SOURCE RECORDS section start

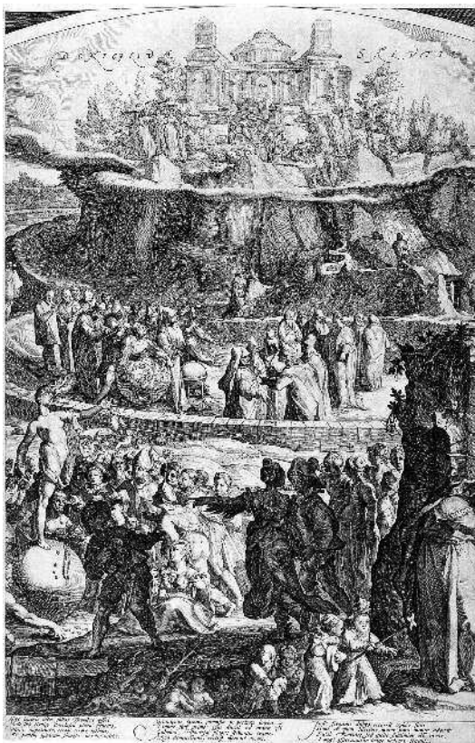
Я. Матаам. «Табличка» Кебета». Гравюра. 1592 г. Музей искусств округа Лос-Анджелес

любопытства, но радуется, как простой свет, потому что все в ней — блеск и драгоценность, все «питает и услаждает зрение», а не раздражает и не возбуждает его.
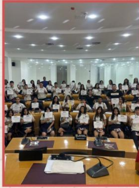
Colegio Rafael Uribe Uribe
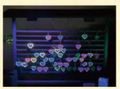
絵馬掛け/にぎわい広場
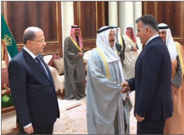
صاحب السمو مصافحا اللواء عباس إبراهيم
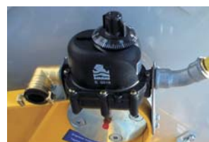
Ref. 46243 Kit compteur d'eau.
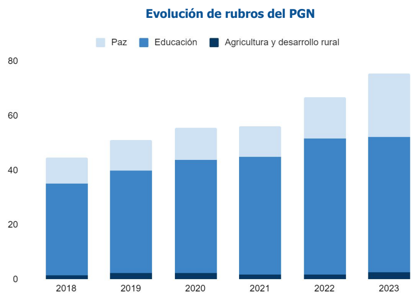
Cálculos bvc

La semana anterior, el Presidente de la República, se reunió con los coordinadores y ponentes del proyecto del Presupuesto General de la Nación (PGN) para 2023, donde se acordó buscar una adición presupuestal de $14.14 billones, con lo que el monto total del PGN sería de $405.5 billones, afirmando que lo propuesto por el gobierno anterior no tenía en cuenta algunas de las necesidades más importantes que tiene el país actualmente. De esta manera, el incremento en el PGN se destinará a agricultura, educación (infraestructura y gratuidad), salud (modelo preventivo e infraestructura) paz total, agua potable y saneamiento básico.
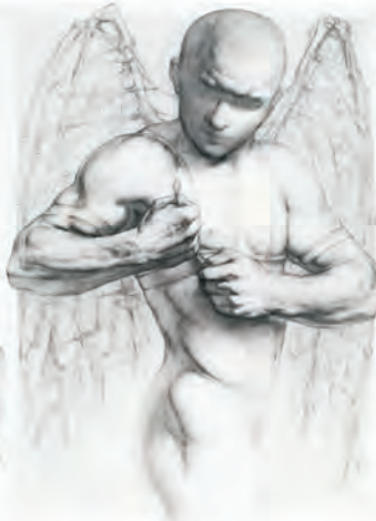
La pasión por conseguir tus sueños hace la vida interesante
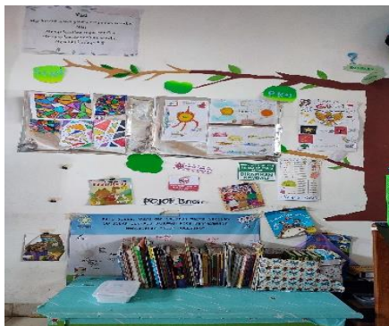
Gambar 4.16 Kondisi Sudut Baca di kelas IV Khalid bin Walid
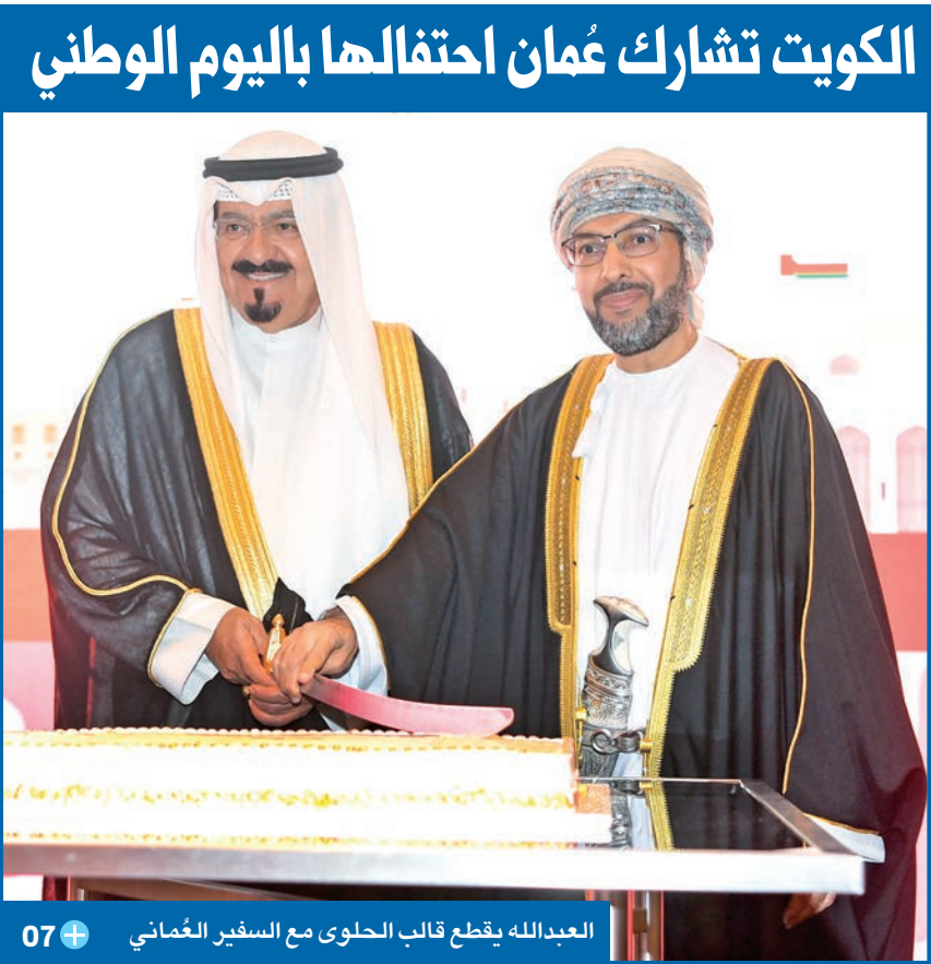
الكويت تشارك عُمان احتفالها باليوم الوطني العدالله يقطع قالب الحلوى مع السفير العُماني

● أضاف مادة توجب على الزوجة خدمة زوجها والاعتناء به وعدم الخروج من مسكنه إلا بإذنه ● ألفاظ مثل «عليّ الطلاق» و«عليّ الحرام» توجب الانفصال إذا كان القسم مقصوداً
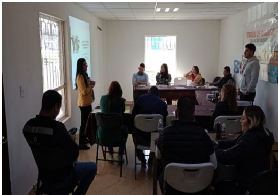
San Luis Río Colorado
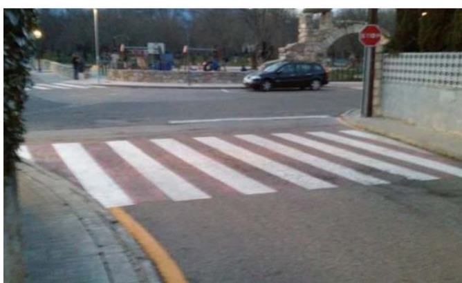
FOTO 4. IGLESIA

SOLUCIÓN: rebajar el escalón desde el portal de tal forma que se suavice o pintar en el suelo unas bandas amarillas y negras indicando el desnivel.
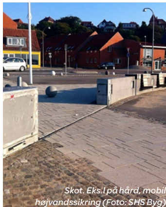
Skot. Eks. I på hård, mobil højvandssikring
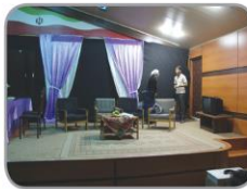
صحنه پیوسته به جاست برگزاری تئاتر دانشجویی
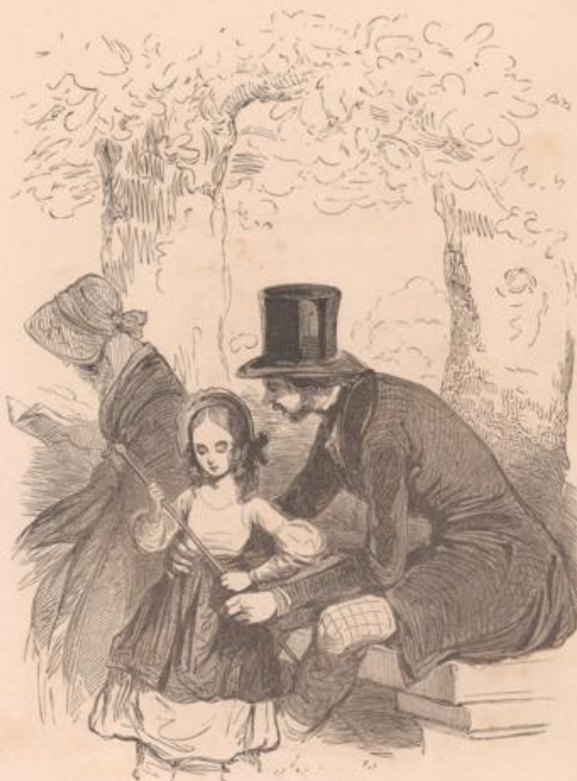
— Petit amour, comment s'appelle madame votre maman? — Maman n'est pas une dame, monsieur : c'est une demoiselle.
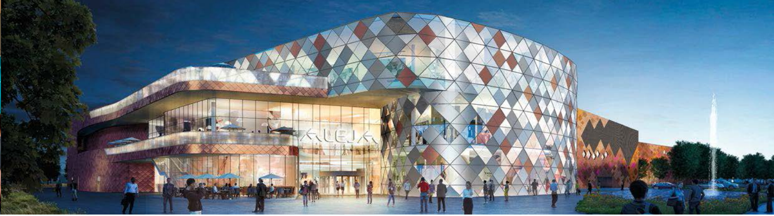
Visualisierung des neuen Shopping-Centers ALEJA in Ljubljana (SI)

und Maximarkt-Standorte im Konzern ein Energiemanagementsystem nach EN ISO 50001:2018 ein, das durch den TÜV AUSTRIA zertifiziert wurde. SES verpflichtet sich, einen noch stärkeren Beitrag zum Klimaschutz durch nachhaltige Immobilienentwicklung zu leisten. Besonders im Fokus steht der Ausbau der Photovoltaik.
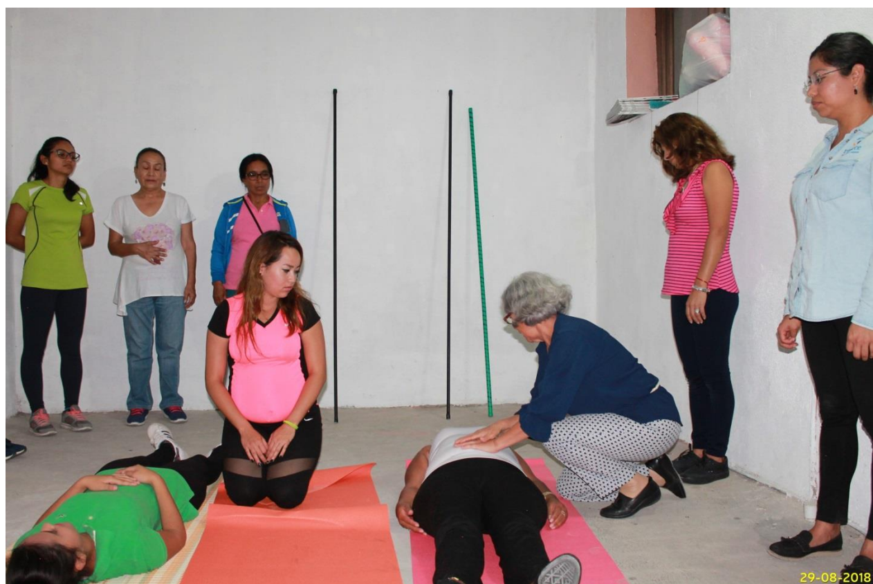
Talleres de autoempleo a beneficiarias de la institución. Taller de yoga terapéutica. 2018

SOURCE RECORDS section end

Your answer must be the lines above from the one holding "San Luis Río Colorado" up to and including the one holding "c'est une demoiselle.", exact and with no pictures.

_TASK OUTPUT_:
San Luis Río Colorado
FOTO 4. IGLESIA

SOLUCIÓN: rebajar el escalón desde el portal de tal forma que se suavice o pintar en el suelo unas bandas amarillas y negras indicando el desnivel.
Skot. Eks. I på hård, mobil højvandssikring
صحنه پیوسته به جاست برگزاری تئاتر دانشجویی
— Petit amour, comment s'appelle madame votre maman? — Maman n'est pas une dame, monsieur : c'est une demoiselle.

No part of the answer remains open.